Task statement:
Given the records below, the lines starting at the line with "海原县关庄乡2020年05月城市最低生活保障资金发放册" and ending at the line with "SF39-Luxeflex Collar Crop" should be output exactly, both end lines kept and pictures left out.

Provided entries:
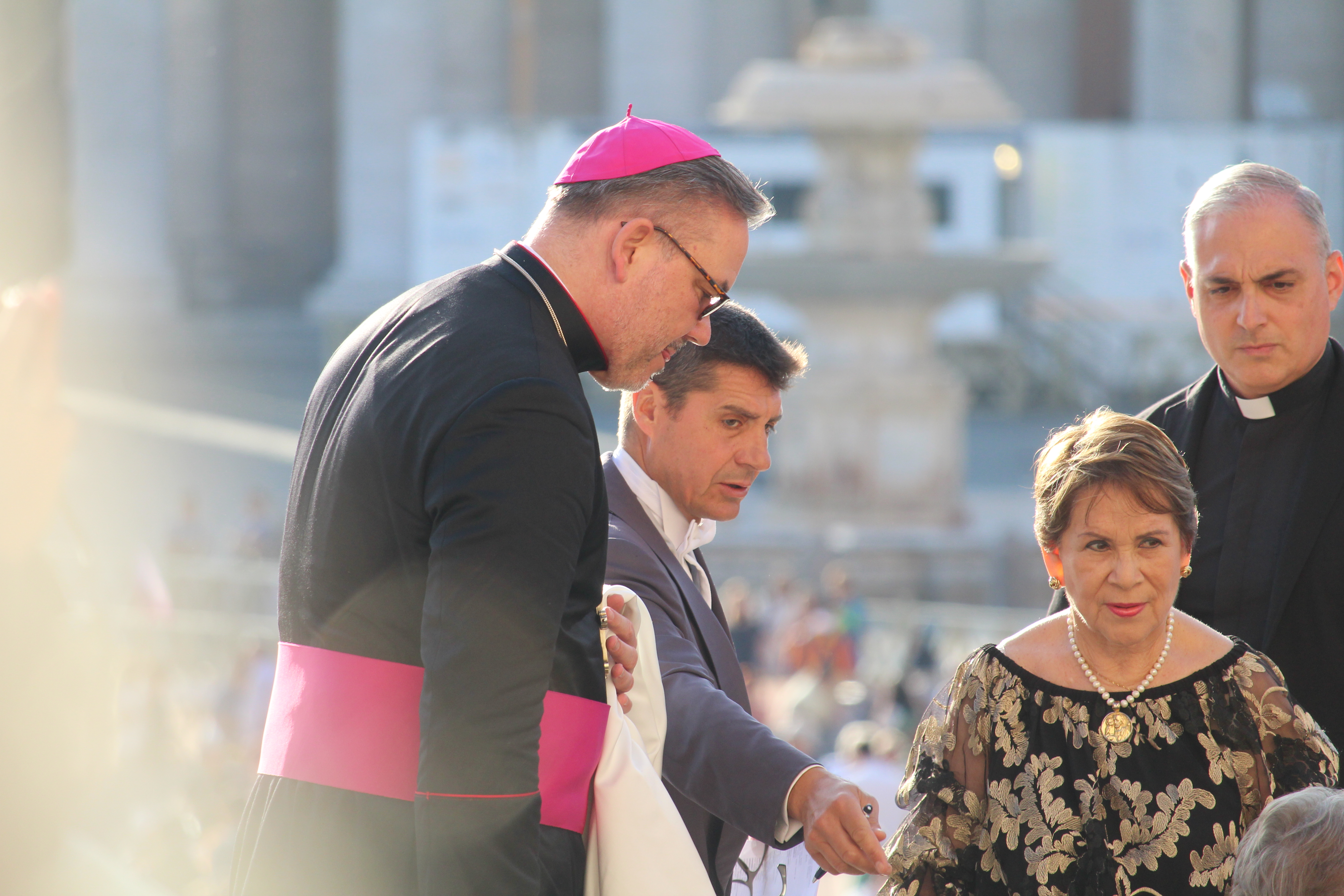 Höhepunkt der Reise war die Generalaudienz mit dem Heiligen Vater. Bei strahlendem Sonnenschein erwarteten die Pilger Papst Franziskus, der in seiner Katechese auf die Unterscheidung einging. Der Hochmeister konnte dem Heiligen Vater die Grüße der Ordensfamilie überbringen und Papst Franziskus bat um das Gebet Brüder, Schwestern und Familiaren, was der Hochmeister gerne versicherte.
---
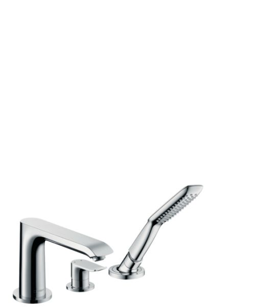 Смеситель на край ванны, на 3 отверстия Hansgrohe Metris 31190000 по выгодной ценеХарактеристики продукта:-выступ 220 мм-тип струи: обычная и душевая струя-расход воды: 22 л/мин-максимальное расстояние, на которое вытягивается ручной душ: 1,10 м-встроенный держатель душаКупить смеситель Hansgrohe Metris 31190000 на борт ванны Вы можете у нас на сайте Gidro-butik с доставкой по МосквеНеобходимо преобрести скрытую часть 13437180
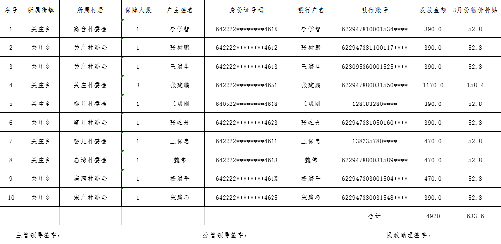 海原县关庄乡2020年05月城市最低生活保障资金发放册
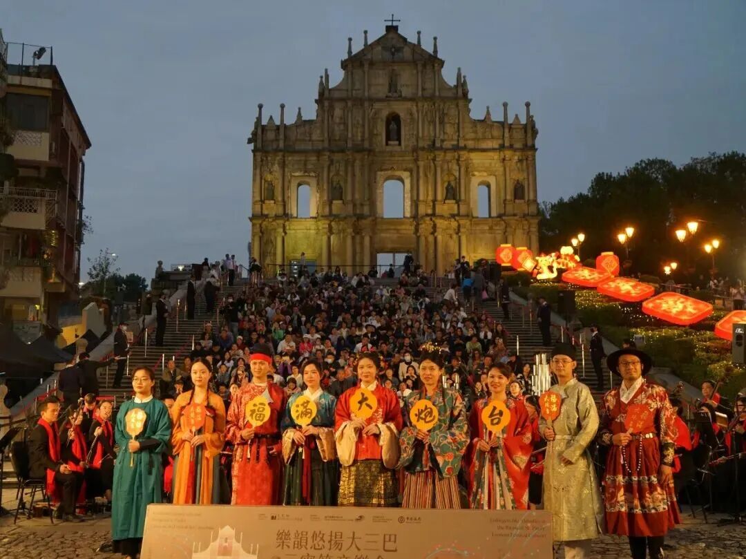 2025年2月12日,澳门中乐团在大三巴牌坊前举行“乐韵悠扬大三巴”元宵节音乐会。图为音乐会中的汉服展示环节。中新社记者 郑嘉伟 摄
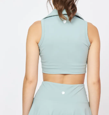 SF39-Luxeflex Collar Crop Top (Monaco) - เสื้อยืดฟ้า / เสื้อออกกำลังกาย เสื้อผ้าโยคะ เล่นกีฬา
...
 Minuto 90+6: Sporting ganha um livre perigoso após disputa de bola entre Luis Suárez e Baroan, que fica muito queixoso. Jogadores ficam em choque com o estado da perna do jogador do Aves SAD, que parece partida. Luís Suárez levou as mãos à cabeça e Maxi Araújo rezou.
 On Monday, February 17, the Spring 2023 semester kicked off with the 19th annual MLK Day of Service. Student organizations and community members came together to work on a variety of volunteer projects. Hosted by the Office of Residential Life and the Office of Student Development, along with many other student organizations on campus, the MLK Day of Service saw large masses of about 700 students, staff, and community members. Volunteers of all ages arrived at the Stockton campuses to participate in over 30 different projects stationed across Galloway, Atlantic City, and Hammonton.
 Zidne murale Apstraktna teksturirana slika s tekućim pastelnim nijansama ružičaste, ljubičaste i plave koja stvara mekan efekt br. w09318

Answer space:
 海原县关庄乡2020年05月城市最低生活保障资金发放册
 2025年2月12日,澳门中乐团在大三巴牌坊前举行“乐韵悠扬大三巴”元宵节音乐会。图为音乐会中的汉服展示环节。中新社记者 郑嘉伟 摄
 SF39-Luxeflex Collar Crop Top (Monaco) - เสื้อยืดฟ้า / เสื้อออกกำลังกาย เสื้อผ้าโยคะ เล่นกีฬา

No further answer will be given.